Lucknow/Bangalore, Feb. 10: A 27-year-old former management student from Bihar had plotted the New Year militant raid on the Rampur CRPF camp and participated in the December 2005 attack on the Indian Institute of Science in Bangalore, Uttar Pradesh police said today.

Shabbir Ahmad alias Salahuddin of Gandhwar in Madhubani district is “sharp, soft-spoken and extremely e-savvy”, additional director-general Brij Lal said.

The claim followed the arrest of six alleged Lashkar-e-Toiba activists from bus stands in Rampur and Lucknow this morning while they were about to leave for Mumbai, apparently to strike at India’s financial hub.

“The module had plans to attack the Bombay Stock Exchange and Churchgate area and another CRPF camp near Bareilly,” Uttar Pradesh police chief Vikram Singh said.

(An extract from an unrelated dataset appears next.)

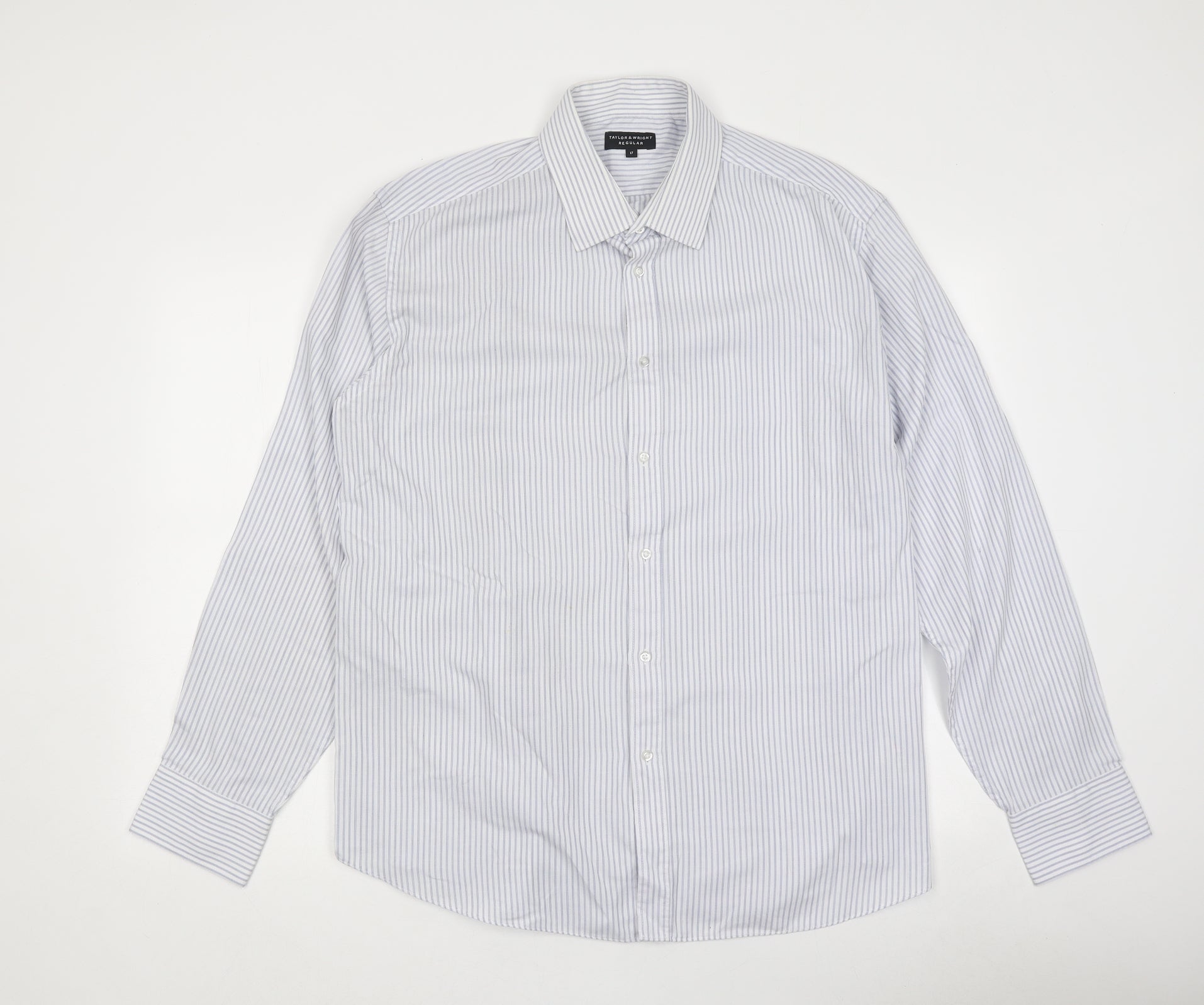 Taylor & Wright Mens Blue Striped Polyester Button-Up Size 21 Collared Button

Officers said Shabbir, a farmer’s son, had joined a Bachelor of Business Administration course in Bangalore’s Presidency College in 2001 after passing his plus-two exam. But he dropped out the following year to join Lashkar, they said.

Two of his aides — Baba alias Jung Bahadur, 47, and Mohammad Sharief, 25 — are Rampur residents and helped carry out the pre-dawn attack last January 1 that killed seven jawans at one of India’s biggest paramilitary camps.

The other three arrested suspects — all Pakistan-based suicide attackers — carried out the actual operation, the police said.

One of them, Abu Jar alias Amar Singh alias Mohammad Buta, 20, of Gujranwala, told reporters: “We went to the CRPF camp to kill or be killed. We won the battle by succeeding in running away after the attack.”

His comrades are Abbu Jarar alias Fahim Ahmad Ansari, 21, of Rawalpindi and Abbu Sama, 22, of Bhimbar in Pakistan-occupied Kashmir.

Officers said Shabbir was one of the two militants who killed a Delhi IIT professor and injured four delegates during a seminar at the IISc, Bangalore, on December 28, 2005.

Shabbir had come in touch with Lashkar activists during his visits home from his Bangalore college, ADG Lal said. “He travelled to Pakistan for four months’ militant training. After his return, he formed the militant module.”

Lashkar then sent a militant from Nepal — identified by Karnataka police as Abu Hamza — for the Bangalore attack, Lal said. Shabbir, familiar with the city, rented a house there and organised the logistics.

The Karnataka police said Hamza fired the shots outside an IISc auditorium and Shabbir probably threw a grenade that didn’t explode. Both escaped to Pakistan.

The Rampur attack was planned after Shabbir’s return.